From: Karlsson Kent - keka [keka@im.se]
Sent: Friday, January 26, 2001 2:12 PM

Subject: Draft changes for wchar_t and Conformance sections

[Suggested new text at the end of this message]


> -----Original Message-----
> From: Sandra O'donnell USG [mailto:odonnell@zk3.dec.com]
> These are all optional types in C99, and I think many people

No, they are not quite that.  Clause says for <stdint.h>: "if a
implementation provides integer types with widths of 8, 16, 32, or 64 bits,
it **shall** define the corresponding typedef names." (my emphasis).  And
the typedef names with the word "least" in the names are **required** for
8, 16, 32, and 64 bit least widths (clause, irrespective of
architecture (though you may then (very rarely) find 9 or more bits in a
uint_least8_t value representation).

> (including
> me!) would object to recommending such encoding-specific types. The
> code I have that currently uses char and cleanly handles
> UTF-8, Latin-1,
> eucJP, etc., would have to be revised to special-case UTF-8 using the
> uint8_t type, for example.

Though "char" (or better "unsigned char") can handle multiple encodings,
by locale, still:

1. There is special-casing: if the locale is a "UTF-8 locale", some
   special functions can be used (like Markus Kuhn's wcwidth[_cjk]())
   which work only for UTF-8.

2. Even though some things work with "agnostic" datatypes like char
   and wchar_t, not everything can be controlled from POSIX locale
   data, for a more ambitious Unicode implementation.
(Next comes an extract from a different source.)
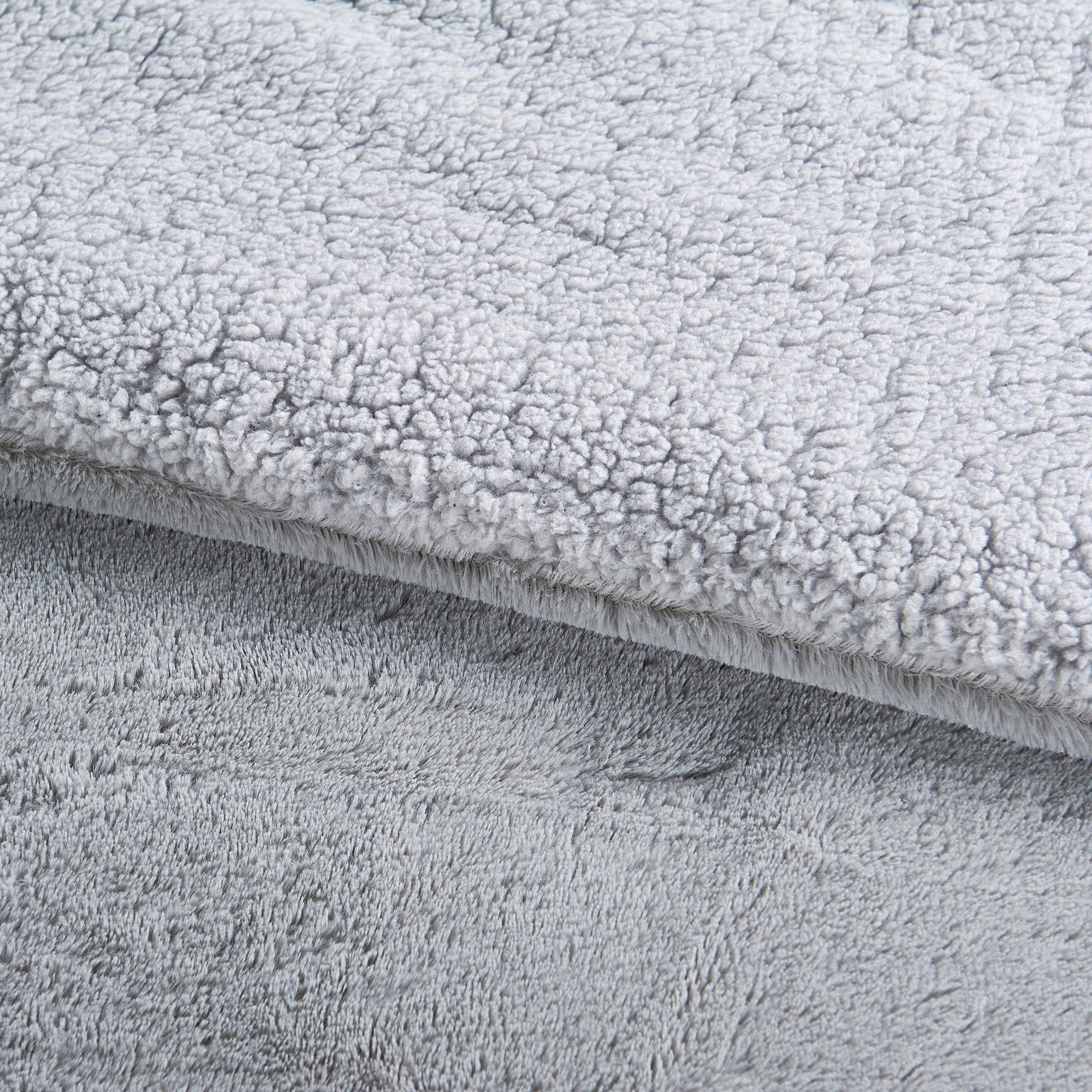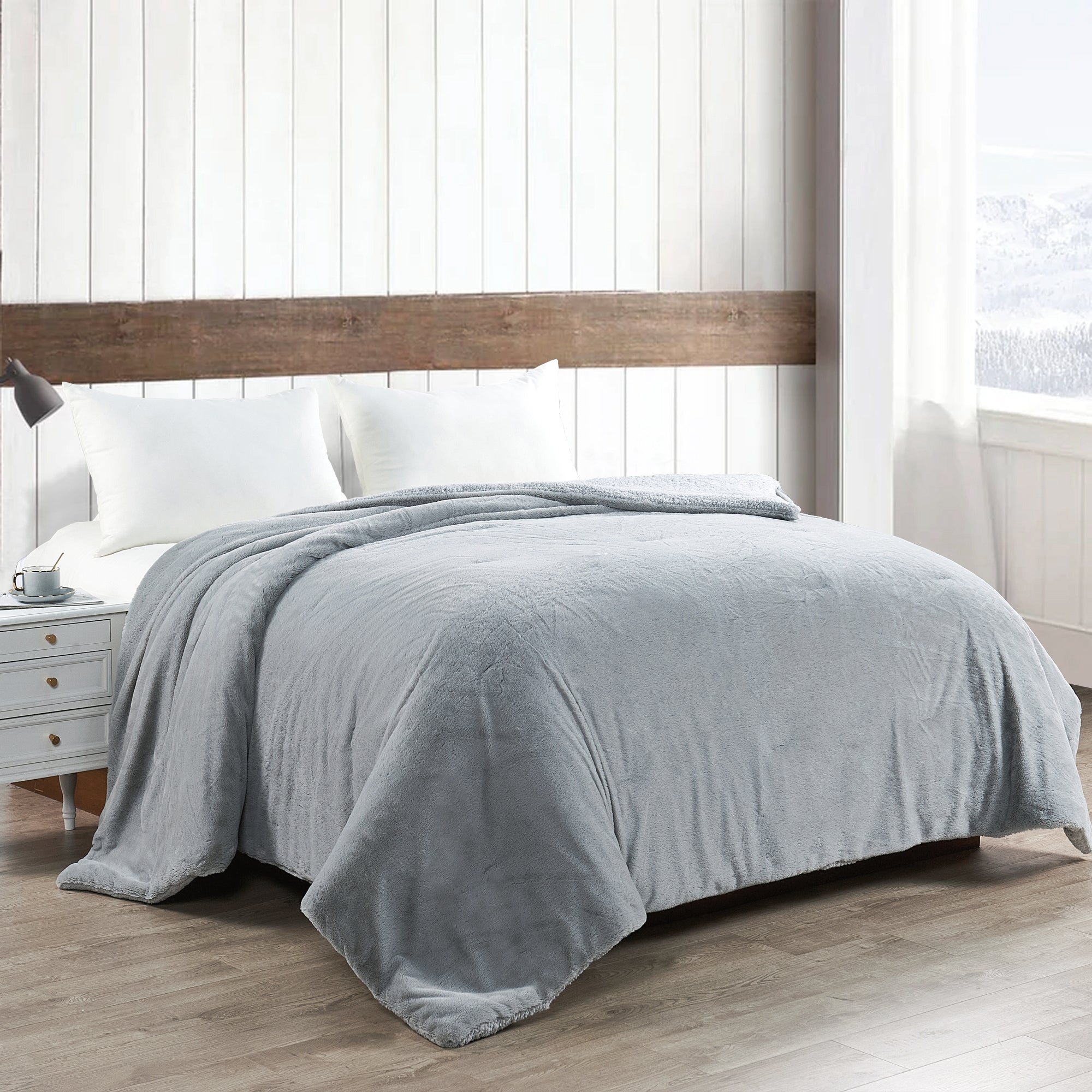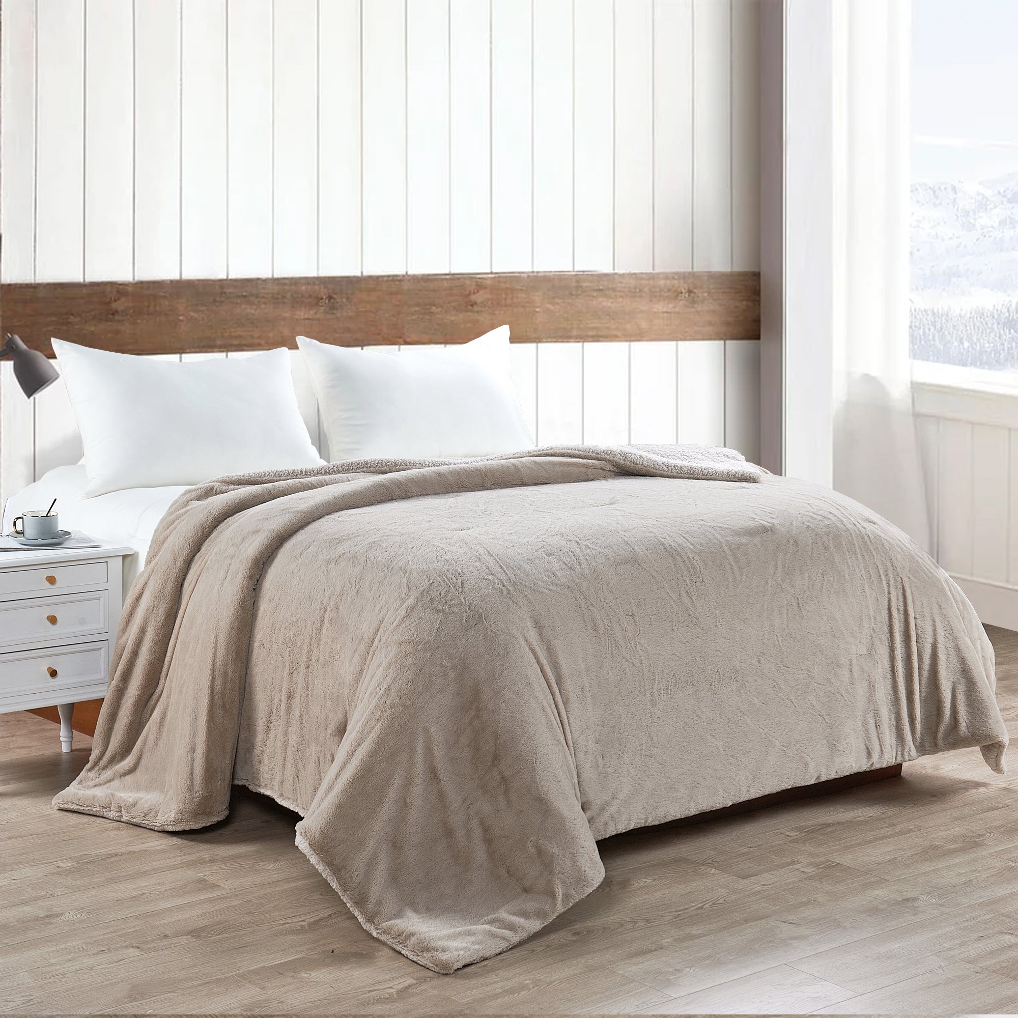 This warm and durable blanket is made from machine-washable polyester microfiber, featuring a soft faux fur side with a snug sherpa side. This classic blanket is perfect for chilly nights.

Which is why
   some nail wchar_t to UCS-2/UTF-16, and others have other names for
   Unicode specific datatypes.

3. There is one such recommendation there already: UNICHAR; it would
   be more neutral to have UTF8_t, UTF16_t, and UTF32_t.  I don't
   think it would be a good idea to have a UNICHAR which could sometimes
   be UTF-16, sometimes UTF-32, since those encodings need to be treated


> I know we have differing opinions about the desirability of
> encoding-specific
> types, but I think this is waaaaay too controversial to put
> into a small
> section of the Unicode standard that's trying to describe wchar_t.
>    . . .
>          There is only one suggested "typedefed" name: UNICHAR,
>    for UTF-16 *code units*, not *characters*.  Suggestion:
>    typedef uint8_t UTF8_t;
>    typedef uint16_t UTF16_t;
>    typedef uint32_t UTF32_t;
>    (I'm not really suggesting to write out those typedefs as
>    C code in the text, even though I did so here.)
> Again, I disagree. However, here I was trying simply to use
> as much of the
> existing text as possible. It refers to UNICHAR, so my
> revision did as well.
>          I'm not sure wchar_t can be used for UTF-16 and still
>    fully conform to C99.  I have very much the impression that
>    wchar_t may be UCS-2, or UCS-4, or whatever else can hold
>    any character in the coded character set in a *single* code
>    unit, but not UTF-8 code units, nor UTF-16 code units.
>    (I cannot quote the C standard, since I don't have my
>    (only, paper, FDIS) copy handy).
> I almost mentioned that in my original message, but thought it might
> bring the wrath of Microsoft/IBM down upon me. I agree that UTF-16 is
> not useable as a wchar_t encoding because wchar_t is a FIXED WIDTH
> encoding and UTF-16 clearly is not. UCS-2 is okay in wchar_t,
> of course.
> It's just that I know that it's a tricky subject for the vendors
> who chose 16-bits as their wchar_t. I mean, if wchar_t is 16 bits
> and wc happens to contain the first half of a surrogate pair, what
> are functions like iswalpha(), wcwidth(), wcstombs(), towupper(),
> etc., supposed to do?

Well, the C (and COBOL?) restrictions are broken anyway, as Mark says.
to[w]upper('') should return "SS", but it can't.  More examples in
SpecialCasing.txt.  I see no problem in MS having wchar_t be UTF-16
code units; even though it strictly speaking does not follow the C99

> This may be worth discussing, but I don't want to lose sight of the
> existing inaccuracy in R3.0 that says it is NOT Unicode-conformant to
> use a 32-bit wchar_t. I want to make sure that gets fixed.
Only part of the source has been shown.